During system exception and recovery, in the Running Link Diagram:

  • The cluster runs the link graph or alarms to detect exceptions
  • Trigger problem tracing automatically or manually
  • Abnormal components, abnormal links, and severity can be sensed by the colors of components and interactions in the cluster running link diagram
  • Click the abnormal number of components in the cluster running link diagram to obtain the associated abnormal details, or jump to the log or tracing system for manual query
  • Determine plans to be executed and associated components based on exception details or platform prompts
  • Execute contingency plan (block problem or restore service) in cluster Running link diagram
  • Confirm the effect of plan execution by the colors of components and interactions in the cluster operation link diagram
  • End problem tracing automatically or manually

The following items are recorded during problem tracing:

  • issue
  • The time when the exception occurs
  • Actions performed during exception handling
  • Run snapshot
  • The time of abnormal recovery

Data model and competitiveness analysis

Data models are a vehicle through which stability assurance best practices can be iterated, shared, and applied. Common insights and scenarios can be standardized into services, and personalized insights and scenarios can be described through fixed structures and then implemented using common controllers.

Data model to form insight + plan stability guarantee service, the technical core is:

  • Insight into the model
    • Key issues:
      • How to gain insight into cluster stability?
      • How to gain insight into business iteration efficiency?
  • The data model
    • Key issues:
      • How do YOU define valid and extensible data descriptions?

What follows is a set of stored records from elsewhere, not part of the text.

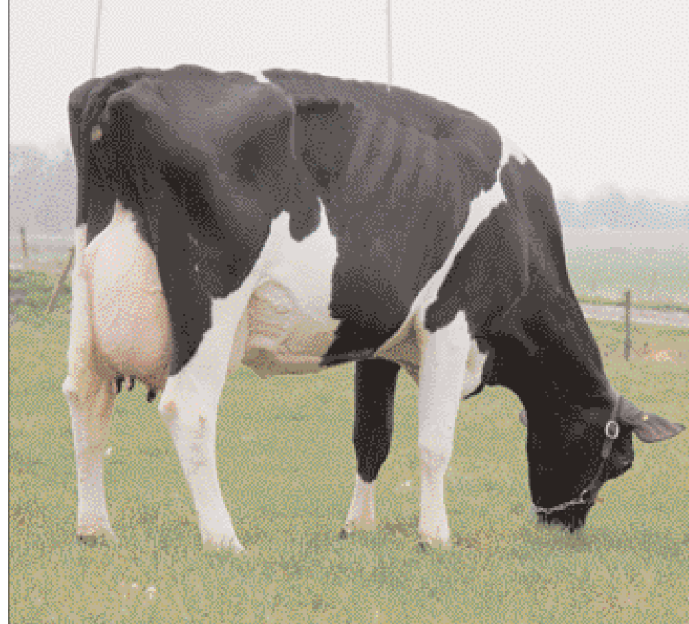
Naomi Ce (v. Celsius), 85 punten Productie: 3.06 305 11.819 3,81 3,41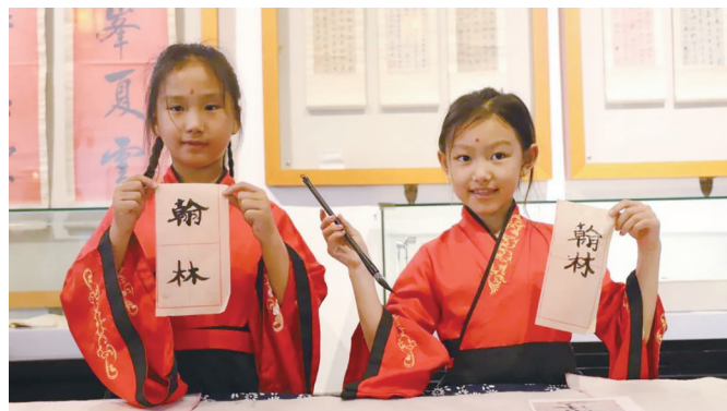
苏州状元博物馆“国学小课堂十岁成长礼”

博物馆之于苏州,是一本厚重的历史书。走进一座博物馆,仿佛翻开一页页史书。苏州博物馆藏吴王夫差剑精美完整、堪称国宝,让人不禁联想到古代诸侯争霸。苏州碑刻博物馆的“天、地、人、城”四大宋碑,是宋人智慧结晶和“科学精神”体现。苏州城墙博物馆,见证姑苏城两千多年的悠悠时光,探寻古城墙的今生与未来。中国苏州评弹博物馆馆藏的各类珍贵古籍,将四百多年的评弹艺术收录进了史册之中。苏州园林博物馆,充分运用“天人合一、因地制宜”的造园理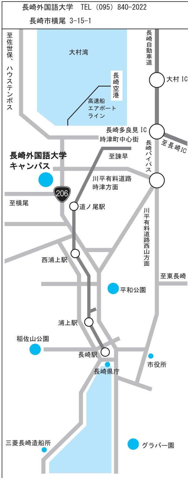
キャンパス周辺拡大図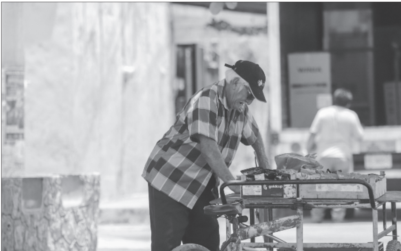
▲ "Las áreas que recibieron recortes fuertes (...) incluyen a medio ambiente, salud, seguridad y el INE".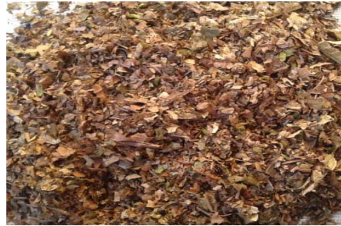
Gambar 3.4. Mesin Pencacah Sampah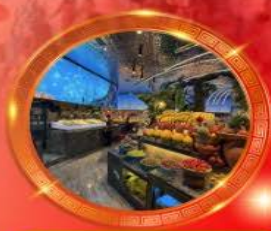
มือพิเศษ บุฟเฟต์นานาชาติ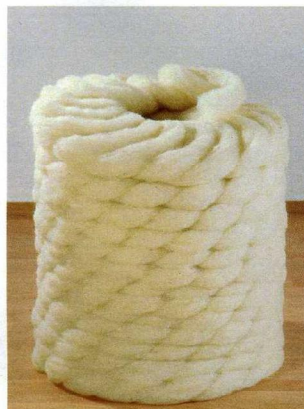
Dämmzopf DWZ 5

zum ausfüllen und abdichten von Hohlräumen Fenster und Wand, Tür und Wand, sowie allen Holzverbindungen und Zwischenräumen.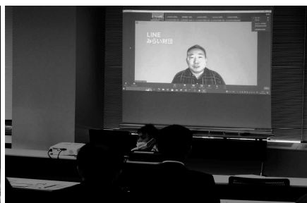
健全育成研修会(12月)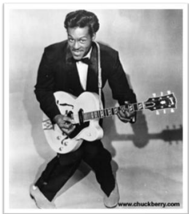
Ilustración 2.3: Chuck Berry, uno de los artistas más populares de la década de 1950. Tomado de http://www.chuckberry.com .

Hablando de Rock n' Roll, nos remitimos a la problemática racista a comienzos del siglo XX, donde las tendencias musicales se dividieron en razas principalmente. Por un lado tenemos el Country de los blancos y el Jazz y Blues de los negros, cada uno generando su propio estilo de ejecución instrumental, raíces del Rock n' Roll; lo que va a marcar esta tendencia definitivamente es la transición de lo acústico a lo electrónico, es decir, de la guitarra acústica a la guitarra eléctrica y con esto el inicio de la Industria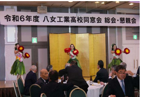
令和6年度 八女工業高校同窓会 総会・懇親会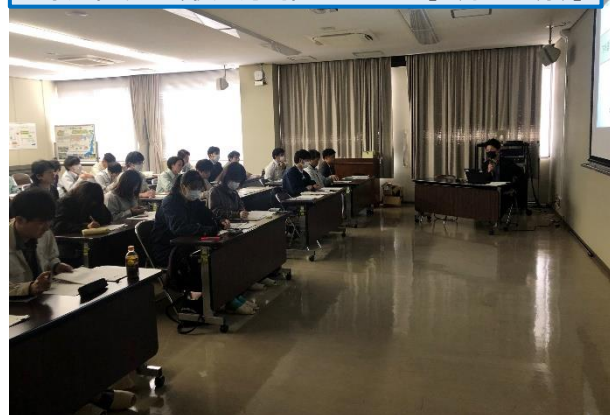
下水道行政の今後の方向性について [11月29日(水)]

Based on the technical core, iterations can be carried out around the following competencies:

  • Insight into
    • global
    • digital
    • visualization
  • The efficiency of
    • Shortest operating path
    • Minimum operating cost
  • The advanced nature
    • Process best practices

summary

With the Spec specification of seven data models, we can represent insights + scenarios based on a structured description. With this as the core, we continuously iterate on the practice and understanding of stability assurance to accelerate business iteration. Further expansion, it is also possible to feed the business in the direction of development based on this model.

If you are interested, welcome to communicate in the comments area.